Bij exploot van 24 maart 2005 is SVWM in hoger beroep gekomen van het vonnis van 24 februari 2005 door de rechtbank 's-Gravenhage, sector kanton, locatie 's-Gravenhage, gewezen tussen partijen. In het exploot heeft SVWM drie grieven opgeworpen. Tot slot heeft SVWM de stukken overgelegd en arrest gevraagd.
Beoordeling van het hoger beroep
1 Als enerzijds gesteld en anderzijds niet weersproken, staat het volgende vast.
1.1 SVWM is eigenaresse van de woning gelegen aan de [adres], welke woning zij had verhuurd aan [huurder] tegen een huurprijs die laatstelijk € 213,90 per maand bedroeg.
1.2 [huurder] is op 29 maart 2004 te 's-Gravenhage overleden. Er zijn geen personen die ingevolge het artikel 7:268, lid 1 en 2 BW de huur voortzetten. Gelet op het bepaalde in artikel 7:268, lid 6 BW is de huur derhalve op 31 mei 2004 geëindigd.
1.3 De boedel van [huurder] bevindt zich nog in de woning.
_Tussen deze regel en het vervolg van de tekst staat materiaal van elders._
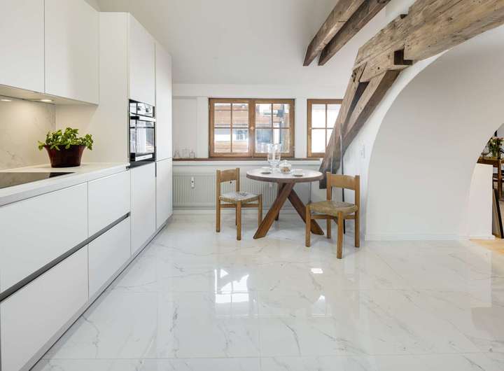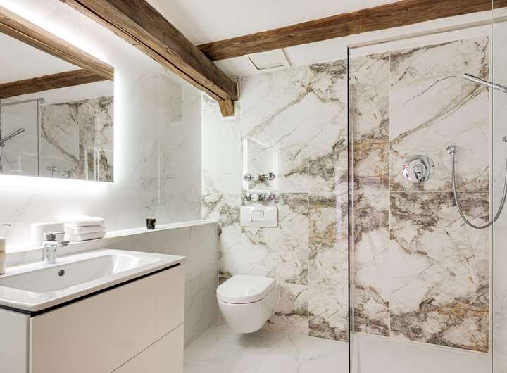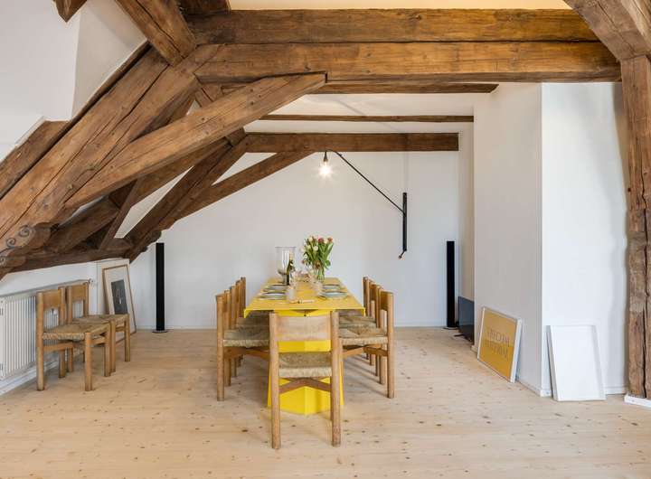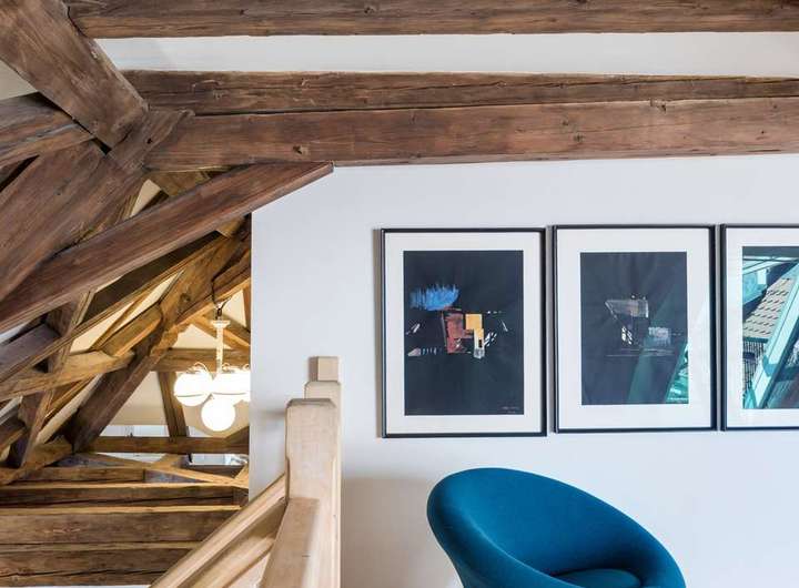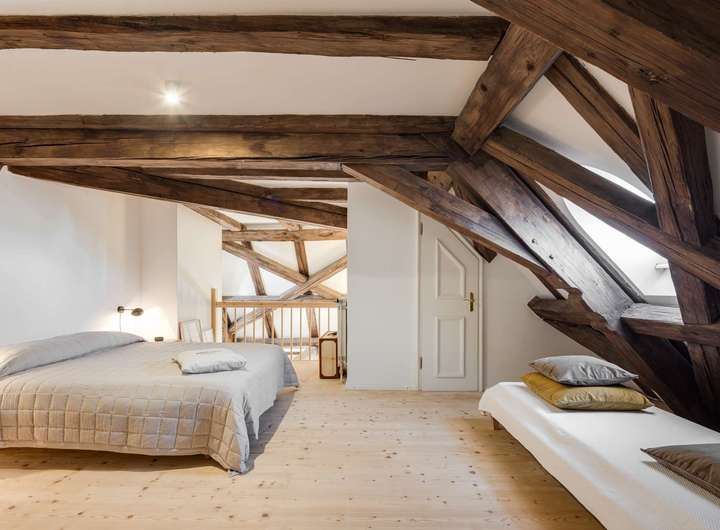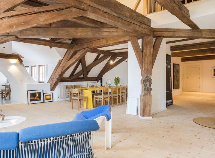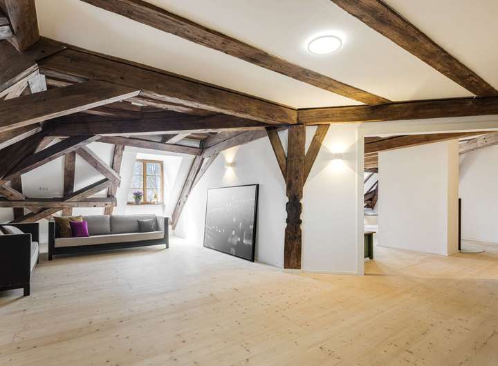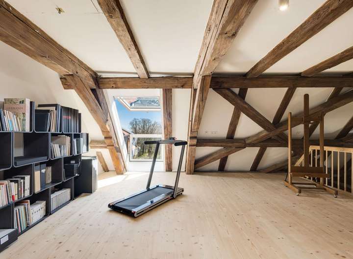 Die im Dachgeschoss gelegene Maisonette-Wohnung besticht durch ihren offenen Grundriss, den beeindruckenden Original-Dachstuhl aus dem Jahr 1726 und ein großzügiges Raumgefühl mit Loft-Charakter. Auf der unteren Ebene befindet sich der helle Wohn- und Essbereich mit offener Küche sowie ein weiteres Zimmer, ideal als Arbeits-, Gäste- oder Kinderzimmer. Auf der Galerieebene erwarten Sie das Schlafzimmer mit Bad en suite sowie ein weiteres Badezimmer.

1.4 Bij dagvaarding van 24 januari 2005 heeft SVWM de erven gedagvaard voor de rechtbank 's-Gravenhage, sector kanton, locatie 's-Gravenhage en heeft zij gevorderd dat de rechtbank voor recht verklaart dat de huurovereenkomst tussen [huurder] en haar met ingang van 31 mei 2004 is geëindigd, en de erven hoofdelijk veroordeelt de woning te ontruimen en in lege en behoorlijke staat ter vrije beschikking van SVWM te stellen, met machtiging aan haar bij gebreke van volledige voldoening hieraan op kosten van de erven deze ontruiming zelf te bewerkstelligen met de hulp van de sterke arm van politie en justitie.
1.5 Bij vonnis van 24 februari 2005 heeft de rechtbank de vorderingen van SVWM afgewezen, wegens gebrek aan belang.
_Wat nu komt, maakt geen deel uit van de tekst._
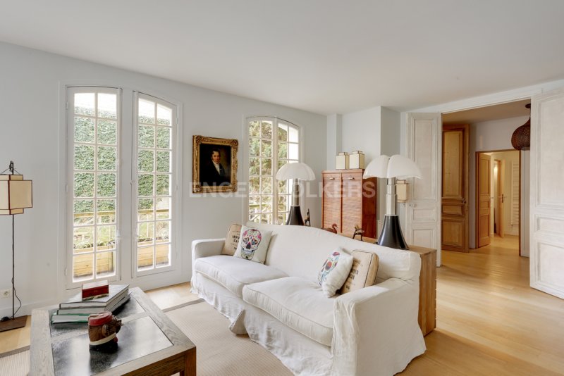 Entre la Tour Eiffel et les Invalides, en plein coeur du quartier Gros Caillou, Engel & Völkers vous propose en location une maison dans un oasis avec toit terrasse et jacuzzi en exclusivité.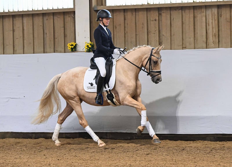 Hier geht's zur Kollektion und Online-Registrierung: https://auktion.pzvbw.de/auctions MwSt. 19% Hochsympathische Ponystute vom 3-fachen Bundeschampion DSP Cosmo Royal. Reiterlich schon weit gefördert und charakterlich gefestigt, so dass sie als Familienpony geeignet ist. Mehrfach hochplatziert in Reitpferdeprüfungen. A very likeable pony mare by three-time German Champion DSP Cosmo Royal. She has already received extensive training and a well-developed character, making her a perfect family pony. She has placed highly in several young horse riding classes.

2.1 SVWM is tegen dit vonnis in hoger beroep gekomen en heeft gevorderd dat het hof het bestreden vonnis zal vernietigen en haar vorderingen alsnog zal toewijzen.
3.1 Grief 2 luidt:
"Ten onrechte heeft de Kantonrechter overwogen dat, nu eiseres gesteld heeft dat er geen personen zijn die de huur van het door haar verhuurde voortzetten, eiseres geen belang zou hebben bij het door haar gevorderde."
Grief 3 luidt:
"Ten onrechte heeft de Kantonrechter overwogen dat, nu niet gesteld of gebleken is dat er nog erven zijn die iets met de inboedel willen en evenmin blijkt dat er erven zijn die de nalatenschap zuiver hebben aanvaard, de overige vorderingen van eiseres niet voor toewijzing in aanmerking komen."
Deze grieven lenen zich voor gezamenlijke behandeling.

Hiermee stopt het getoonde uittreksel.